Can You Move Abroad To Escape Student Loan Debt?
Yes, it is true. You can move out of the U.S. and abroad to escape student loan debt or any debt for that matter. However, there are many stipulations, and one major one indeed: You can never come back.
Why would someone want to move abroad to escape debt?
It is an easy way out. According to CBNC, Americans now owe more than $1.53 trillion in student loan debt, based on the most current figures available. That money is not only owed by young people fresh out of college, but also by borrowers who have been out of school for a decade or more. The standard repayment timetable for federal loans is 10 years, but research suggests it actually takes four-year degree holders an average of 19.7 years to pay off their loans.
Essentially, if you move abroad, you may no longer be traceable for debt collectors to find you.
What are the other benefits?
Cheaper living, a clean slate, and a chance to see the world. The American dollar goes a long way in other countries. The more remote you are, the cheaper you will find land, housing, and food. By ditching what we consider “The American Dream” you will find that the world outside of the U.S. make ends meet with just a fraction of what we spend in a day. By eliminating extra “things” you think you need such as Starbucks, entertainment subscriptions, and etc., you can not only save more money, but actually put a dent in that debt if you choose to and explore the world while you’re at it.
What are the risks associated with it?
Many. Leaving your debt back in the States may sound appealing if you want to escape your debts by moving abroad. However, it’s not that simple. Often, when applying for a visa in another country, your debt will be examined. If it appears that you’re trying to avoid paying off debt, your application will likely be denied.
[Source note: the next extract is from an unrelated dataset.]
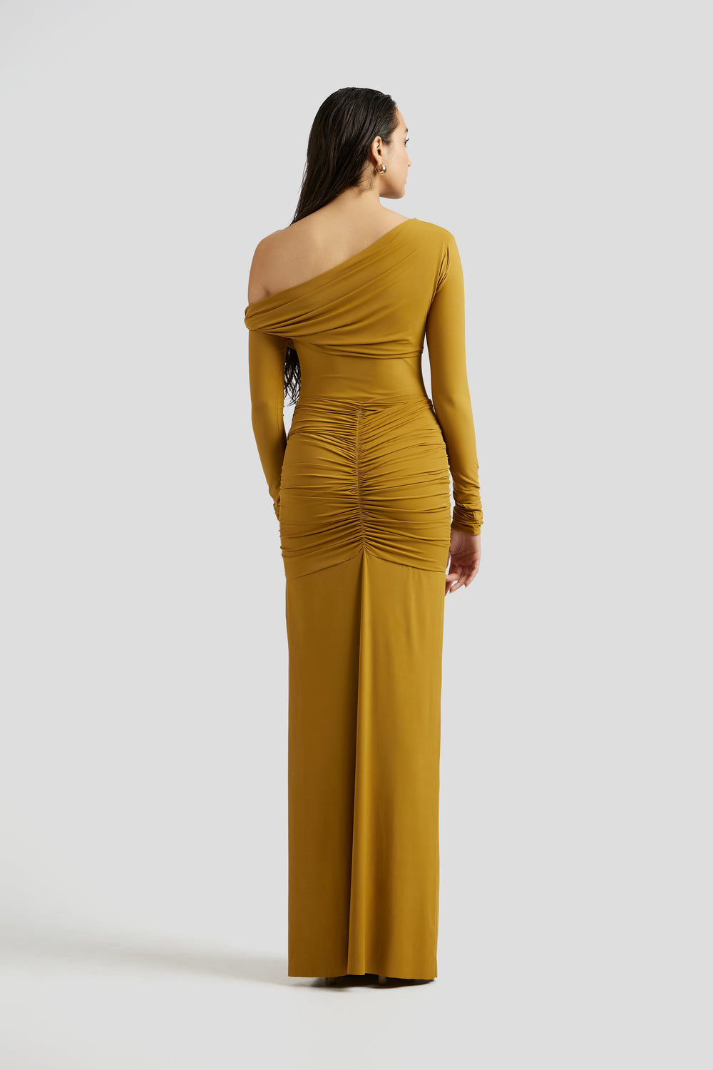 This elegant one shoulder gown features a draped bodice with a drop waist. The standout feature is the tie up detail at the hips. The design exudes a timeless charm, perfect for making a graceful statement.

Also, if you do move abroad and give up your U.S. citizenship. You may never be able to come back to the U.S. to live permanently. You can certainly try to, however, once you do return you will more than likely come back to the same debt if not tripled in late fees, interests, tax liens, and more.
So, if you’re going to go. You’ll have to stay gone.
Is it legal?
While it is legal for you to move to any part of the world you’d like, the federal government can still come after you. Your debt is one thing, but the IRS is another. If you have unpaid debt balances when you move, those balances may eventually be canceled and be reported to the IRS, at which point the unpaid debt may be considered part of your income. If you owe more than $600 to any one company, if it’s canceled, forgiven, or discharged in a bankruptcy, it can potentially be considered income in which you now have to claim on your taxes.
Another fact to note is, your debt collectors can file a lawsuit against you. If they are already in the process of filing or file before you leave the country, it would still go before a judge and be decided in your absence. If that happens, while the court may not be able to force you to pay since you’re overseas, the debt collector can go after any money you leave behind in a checking, savings, or investment account. And if you continue working for a U.S. based employer, they can garnish your wages.
If you’ve already left the country, depending on the size of the debt, the company may choose to bring suit against you in the country of your residency. They will hire counsel there and the case will be decided based on the laws in that country.
However, there is a caveat. Since circumstances like these come with a big price tag for the debt collector, more than often, it may not be worth it to them to follow through with it anyway.